Here at Dstillery we’ve recently discovered a new toy: the Shiny package for R. It’s an easy and frictionless way for us to turn MySQL (or Hive) tables into interactive data visualization webapps, filled with fun buttons, sliders and knobs. You can read all about it here, but first a word of warning: if you have real work to do, you may find yourself putting it off and inventing reasons to make your own Shiny apps. It’s that cool.

70 lines of code = 1 addictive rainbow-art toy

One of the best things about Shiny is that it’s so easy to set up a server to host all your apps. All you have to do is copy the single file that contains your app (usually called app.R) into a specific directory on that server, and you will immediately have a web service up and running. No fiddling with boring config files and tedious plumbing code — what could be better?

Naturally, we started writing Shiny apps for various things and publishing the links out to the whole company. What used to take days to code in AngularJS and Python would now take a few hours from concept phase to having it in front of the end user. The data scientists on our team were having a lot of fun with this, but the engineers — born pessimists — were thinking always of the future. How long could this go on? When would the inevitable scalability cliff appear suddenly out of the rye?

As it turns out, all of the apps on the Shiny server use the R executable and packages natively installed on the server. It’s easy enough, if we need, say, a progress bar to show while we’re loading data, to install the requisite graphics package (shinysscloaders) onto the shiny-server machine.

But what happens if for whatever reason, two apps need two different versions of the same package?

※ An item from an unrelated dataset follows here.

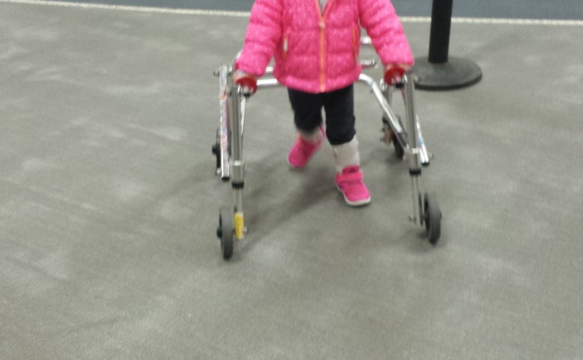 Madison did a great job at physio considering how tired she was. She walked in and out of her session in her walker. We now have to try and be early for things and have time after as it takes us a lot longer with Madison using her walker hy herself – but it is so worth it! Madison and Stephanie worked on standing in her ski boots, walking in her walker and learning how to lift the walker to turn and did lots of good stretches. She used Stephanie’s gators and got a good long stretch. Stephanie let Madison borrow the gators so she can do some deep long stretches at home. Madison stood by herself for 10 seconds and took 3 independent steps!!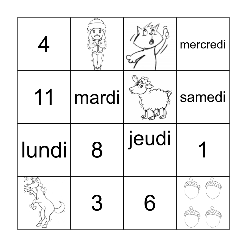 This bingo card has 13 images and 18 words: 1, 2, 4, 5, 3, 6, 7, 8, 9, 10, 11, lundi, mardi, mercredi, jeudi, vendredi, samedi and dimanche.

It’s easy to imagine a case where someone installs a package whose dependency tree includes an upgrade (or even a downgrade) to an already-installed package, and breaks someone else’s app. In this case, the first person to know that something broke would be the business end user. For us engineers, that probably ranks as our absolute least favorite way to find out about a software defect.

Other programming environments have this same problem, which is why virtual environments (think Pip or Anaconda for Python) are so popular. Fortunately, R also has its own virtual environment, called Packrat. If you create your own app-specific virtual environment and install the packages there instead of in the system’s native R library path, then two apps can happily coexist side by side and run different versions of the same package.

Easy, right? Well, yes, but at the end of the day, this means our nice and frictionless deployment process becomes larded with a big “gotcha”. Forget to do this one simple thing, and your app could break months later without your knowledge! And nothing will remind you of that step until it’s too late! Clearly we need to think of a Real Deploy Process. But we also don’t want to add tedious steps and slow down iteration on these very nifty and high-business-value tools.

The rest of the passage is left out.